Metadata-Version: 2.1
Name: numbduck
Version: 0.0.1
Author: NumbDuck GitHub Repository Contributors
License: MIT License (with Citation Clause)
        
        Copyright (c) 2026 NumbDuck GitHub Repository Contributors
        
        Permission is hereby granted, free of charge, to any person obtaining a copy
        of this software and associated documentation files (the "Software"), to deal
        in the Software without restriction, including without limitation the rights
        to use, copy, modify, merge, publish, distribute, sublicense, and/or sell
        copies of the Software, and to permit persons to whom the Software is
        furnished to do so, subject to the following conditions:
        
        - The above copyright notice and this permission notice shall be included in all
          copies or substantial portions of the Software.
        
        - If this software or any derivative work is used, modified, or distributed,
          you must provide proper credit to the original author.
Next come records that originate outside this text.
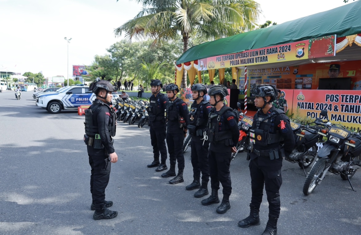 Menjelang perayaan Natal 2024 dan Tahun Baru 2025, Satbrimob Polda Maluku Utara melalui Satgas Tindak Operasi Lilin Kieraha 2024 menggelar patroli keamanan di sejumlah gereja di Kota Ternate pada Selasa (24/12/2024).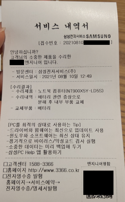 내가 너무 비싸다고 허거거거거거거거!! 놀랐더니, 배터리 값만 받고 해주신다고 하셨다. 10만원 정도 예상했는데 168,000원이라니 놀랄 수밖에!!!! (삼성 홈페이지에서는 NT900X5Y 모델의 배터리 가격을 알아볼 수 없었다.) always 모델이 배터리 용량이 커서 쫌 비싼거 같다ㅠㅠ 그래도 안 고칠 수가 없는 상황이라 교체를 요청드렸다.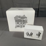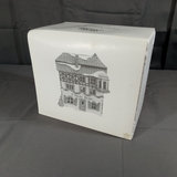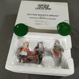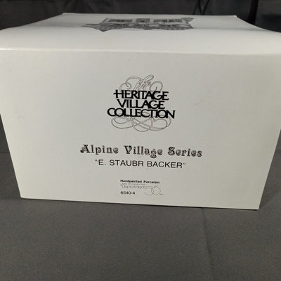 Alpine Village Series from the Heritage Village Collection, made exclusively for Dept. 56. Hand painted porcelain. No. 5619-7 Buying Baker's Bread, set of 2 figurines, produced between 1992-1995. No. 56. 6540-4 E Staubr Backer (Bakery), with light, produced between 1986-1997. Gently used and stored with original packaging. 2 pieces.

This includes:
          - Mentioning the original author in documentation, README files, or any
            publication describing work based on this software.
          - Including a link to the original repository, when applicable.
        
        THE SOFTWARE IS PROVIDED "AS IS", WITHOUT WARRANTY OF ANY KIND, EXPRESS OR
        IMPLIED, INCLUDING BUT NOT LIMITED TO THE WARRANTIES OF MERCHANTABILITY,
        FITNESS FOR A PARTICULAR PURPOSE AND NONINFRINGEMENT. IN NO EVENT SHALL THE
        AUTHORS OR COPYRIGHT HOLDERS BE LIABLE FOR ANY CLAIM, DAMAGES OR OTHER
        LIABILITY, WHETHER IN AN ACTION OF CONTRACT, TORT OR OTHERWISE, ARISING FROM,
        OUT OF OR IN CONNECTION WITH THE SOFTWARE OR THE USE OR OTHER DEALINGS IN THE
        SOFTWARE.
        
Keywords: duckdb,numba,numpy
Requires-Python: >=3.10
Description-Content-Type: text/markdown
License-File: LICENSE
Requires-Dist: duckdb<1.6,>=1.3.2
Requires-Dist: numbox>=0.5.13

# NumbDuck
Adapting DuckDB database API to the Numba JIT context.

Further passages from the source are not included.